Currently, Caddy’s structured logging outputs all available fields in the JSON log entries, including many that may not be relevant for a particular use case. This behavior introduces several challenges:
Increased log volume: Logging every available field - including unused or low-value ones - leads to unnecessarily large log files, consuming more disk space and potentially increasing storage costs.
Signal-to-noise ratio: The excess of irrelevant fields makes it harder to extract meaningful insights quickly, especially in production systems where clarity and performance matter.
Security risk and stability concern: Malicious actors could inject large or numerous custom headers, causing logs to balloon in size and possibly impacting system performance or log processing pipelines.

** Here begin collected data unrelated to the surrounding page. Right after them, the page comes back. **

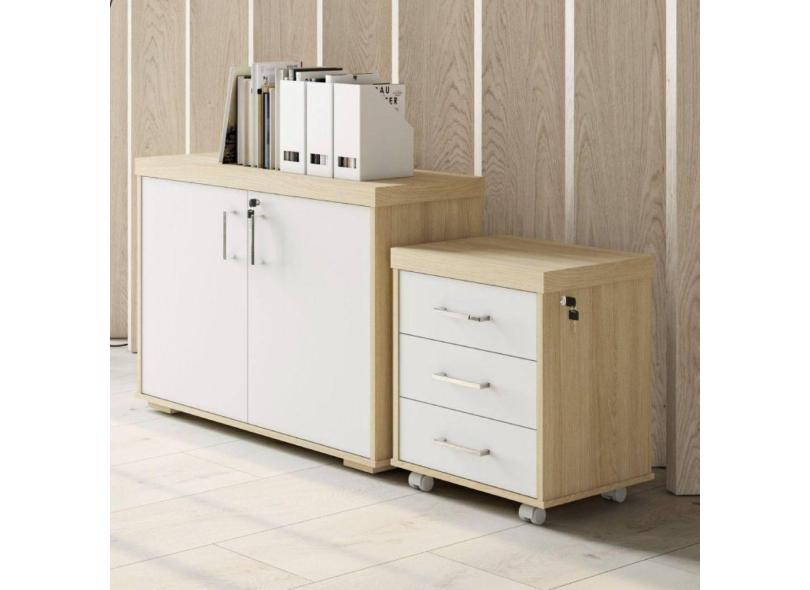 O menor preço encontrado no Brasil para Conjunto Home Office 2 Peças Balcão Baixo 2 Portas com Gaveteiro Volante 3 Gavetas Tamburato Artany Carvalho/Branco atualmente é R$ 1.282,09.
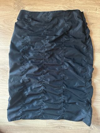 Falda midi de satén color negro, goma en cintura, y lleva un corte en un lateral. Muy buena calidad, da talla para M y L. Nueva con etiqueta.
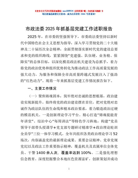 / 市政法委2025年抓基层党建工作述职报告
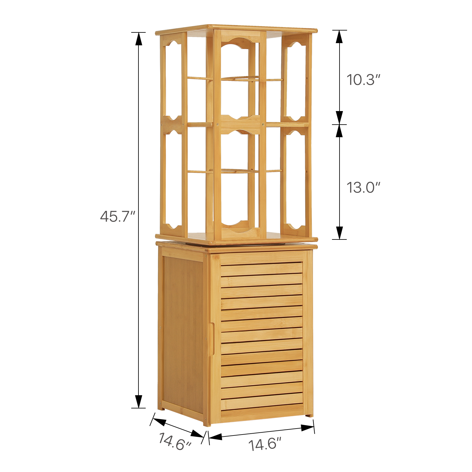 360°Swivel Bookshelf - Oval Hollow Pattern - with Bottom Cabinet Storage - 15" - Natural

To mitigate these issues, it would be beneficial to introduce a configuration option that defines a whitelist of log fields for JSON logging. This would give users explicit control over which fields are logged, improving efficiency, clarity, and resilience.
In general though, we recommend processing logs as a separate step in your infrastructure (unless someone wants to write a Caddy app that does it): How Logging Works — Caddy Documentation
Not quite — we’ve reviewed the transform-encoder module, but unfortunately it doesn’t meet our needs. It outputs plain strings instead of structured JSON, which forces us to manually build JSON-like strings. This is a workaround, not a proper solution. For example:
log main {
output stdout
format transform `{\"level\":\"{level}\",\"ts\":\"{ts}\",\"logger\":\"{logger}\",\"ip\":\"{request>remote_ip}\",\"user_id\":\"{user_id}\",\"request\":\"{request>method} {request>uri} {request>proto}\",\"status\":{status},\"size\":{size}}` {
unescape_strings
}
}
What’s also confusing is that Caddy already supports a field exclusion (blacklist) mechanism, which shows that the internal logging system is capable of selective field control. But there’s still no support for a whitelist, which has been requested multiple times and repeatedly declined — with no clear explanation.

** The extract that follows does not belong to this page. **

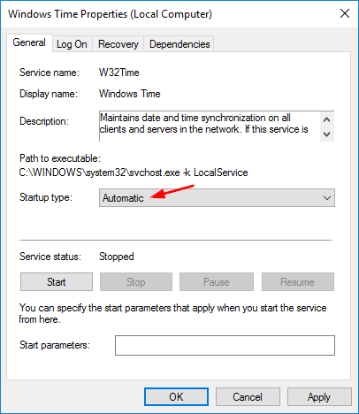 7. Change the Startup type to Automatic and click OK.
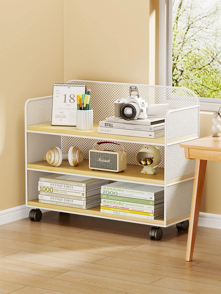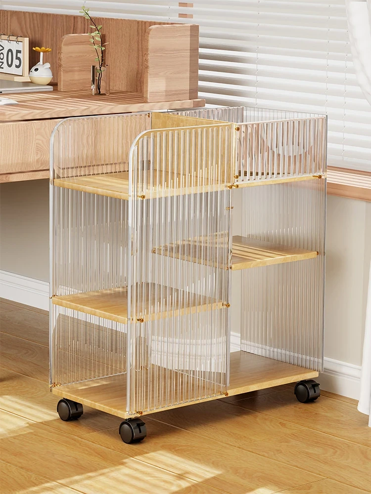 Stylish Acrylic Bookshelf for Kids - Space-Saving Side Storage Rack with Wheels, Perfect for Organizing Children's Desks and Books in a Chic Way!

Adding whitelist support would eliminate the need for custom modules and fragile formatting hacks, and would bring logging configuration in line with common operational requirements — especially when managing log volume, structure, and security.
We hope this can be reconsidered as a native feature.
I can’t reduce the limit—I need to be able to accept headers of the required size. Requests with near-maximum header sizes are typically rare. But this particular behavior of Caddy could become an attack vector. Some Caddy users may not even be aware of this vulnerability.